Jason has previously recounted being told, on at least four occasions, that his father’s medical records didn’t exist – only for them to miraculously appear two days after the BBC made contact. On further examples of wrongdoing, he tells Huck about the patently false statements that were given by health officials to ministers like Andy Burnham and Jeremy Hunt. “What I’m talking about are lines such as, ‘No one was knowingly infected with infected blood products’ … [and] that ‘a hepatitis C test couldn’t have been introduced any sooner than it was’.” 

Jason has all but dedicated his life to forcing the state to reckon with this tragedy. “Having to go through everything that had happened to my dad … from the plasma being collected in prisons in the US, to the lack of good regulation, to the unethical trials on patients without their consent, to how the products were made and distributed … it was all quite overwhelming.” His choice to do this – which has resulted in a “loss of income” and taken a “huge emotional toll” – is one no one should have to make. By guaranteeing a body to represent the public, a fair chance in courts of law, and a duty of candour, the Hillsborough Law would go some way in ensuring no one else has to. 

What are public inquiries for? Establishing facts, learning lessons so that mistakes are not repeated, restoring public confidence, and determining accountability, according to a 2022 House of Commons Library briefing. But we shouldn’t forget their function as a listening ear, a tool in collective and individual grieving. They represent one body, the state, actively hearing the voices, frustrations and fears of those it has wronged. 

Charlotte knows all too well what it’s like to be sidelined by the state. “It’s like standing in a room full of people and you’re screaming at the top of your lungs and nobody can hear you,” she says. Campaigning for a Hillsborough Law, for her, is about ensuring no one has to go through what she went through. “If I can prevent that or help people or lighten the load in any way, then I will, because I know first-hand what it feels like.” 

Jason expresses a similar sentiment. “Growing up without my dad, missing my dad as a kid – that fire’s never gone away,” he says. He wants make sure “people don’t have to go through that same fight”. Indeed, if victims are ever to be able to converse with public authorities as equals, as opposed to banging down doors for decades, it will be via the concrete conditions and provisions outlined in the bill. 

At its September 2022 party conference in Liverpool, Labour pledged support for the law. Keir Starmer said passing it would be one of the first things he’d do as prime minister. Hopefully, this will be a first step towards candour, rather than the latest in a series of evasions. Getting those in power to support a law that directly compromises their immunity was never going to be easy, but it will soon be much harder for them to look at the public they represent and resist it.

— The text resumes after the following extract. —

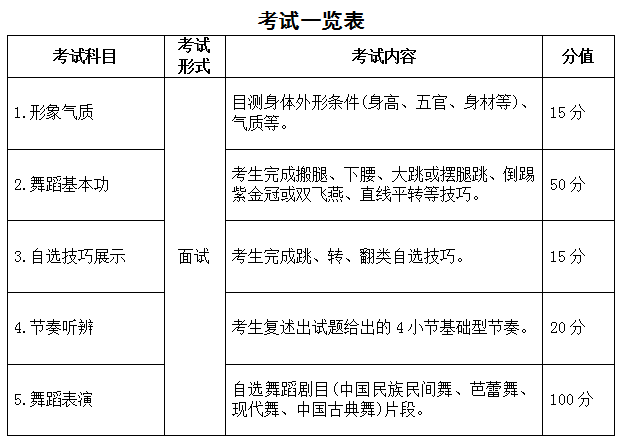 面试,考官目测考察考生在五官、身高、身材、比例、气质等方面所具备的舞蹈自然条件。要求五官端正、身材匀称、比例协调,气质好。

“The APPG [the All-Party Parliamentary Group for Public Accountability, which is championing the bill in parliament] is very strong, and I think it’s only going to get stronger and gain more support, particularly as we’re going to have this succession now of inquiries reporting,” says Jason, noting the recent inquiries into Grenfell, the contaminated blood scandal and the ongoing UK Covid inquiry.

For bereaved families who’ve suffered for so long, there is indeed reason to be hopeful. As Jason puts it, “The momentum and the exposure this bill can get will really increase its chances of actually happening.”